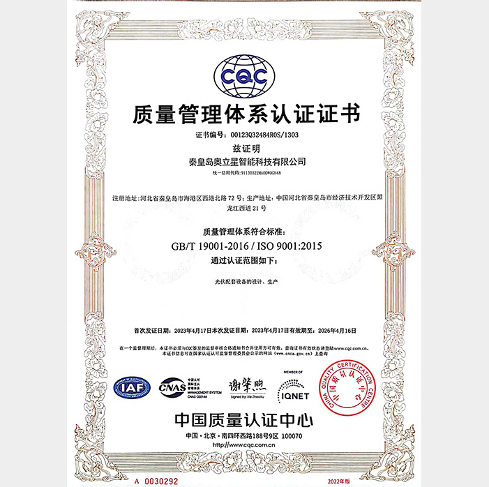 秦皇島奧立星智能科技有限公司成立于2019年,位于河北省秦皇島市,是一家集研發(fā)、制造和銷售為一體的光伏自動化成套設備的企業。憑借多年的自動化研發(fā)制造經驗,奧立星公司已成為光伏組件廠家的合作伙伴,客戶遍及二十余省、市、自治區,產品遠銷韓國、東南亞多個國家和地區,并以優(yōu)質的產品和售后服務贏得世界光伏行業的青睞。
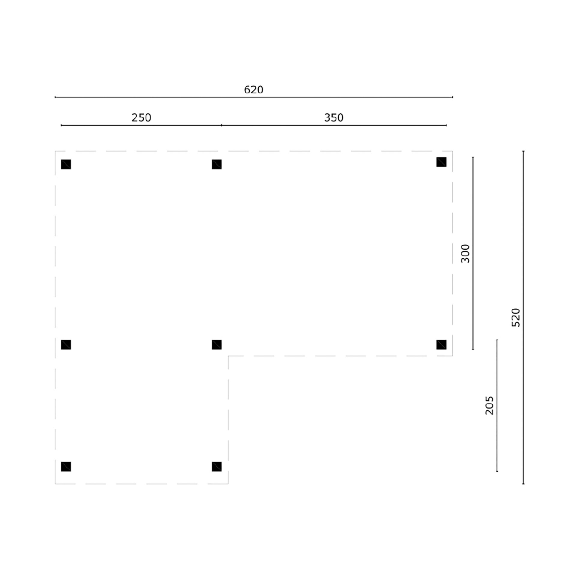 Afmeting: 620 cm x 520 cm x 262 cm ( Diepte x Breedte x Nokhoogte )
----------------------------------------
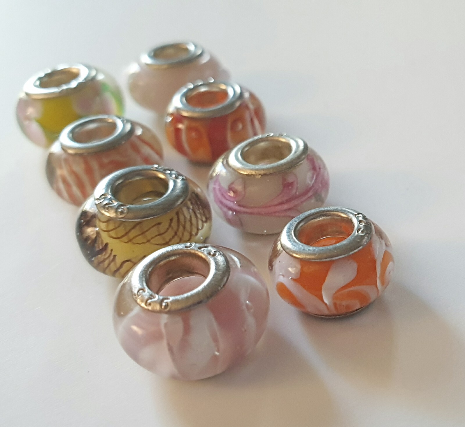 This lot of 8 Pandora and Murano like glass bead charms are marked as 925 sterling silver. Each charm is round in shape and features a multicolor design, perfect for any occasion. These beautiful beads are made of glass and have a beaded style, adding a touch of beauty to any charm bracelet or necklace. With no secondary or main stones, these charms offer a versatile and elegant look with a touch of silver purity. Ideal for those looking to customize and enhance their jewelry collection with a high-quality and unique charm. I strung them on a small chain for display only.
----------------------------------------
■ Goal of the exercise
The answer must be the lines above from the one containing "秦皇島奧立星智能科技有限公司" through the one containing "Afmeting: 620 cm", reproduced exactly, with no pictures and nothing else.

■ Answer box
 秦皇島奧立星智能科技有限公司成立于2019年,位于河北省秦皇島市,是一家集研發(fā)、制造和銷售為一體的光伏自動化成套設備的企業。憑借多年的自動化研發(fā)制造經驗,奧立星公司已成為光伏組件廠家的合作伙伴,客戶遍及二十余省、市、自治區,產品遠銷韓國、東南亞多個國家和地區,并以優(yōu)質的產品和售后服務贏得世界光伏行業的青睞。
 Afmeting: 620 cm x 520 cm x 262 cm ( Diepte x Breedte x Nokhoogte )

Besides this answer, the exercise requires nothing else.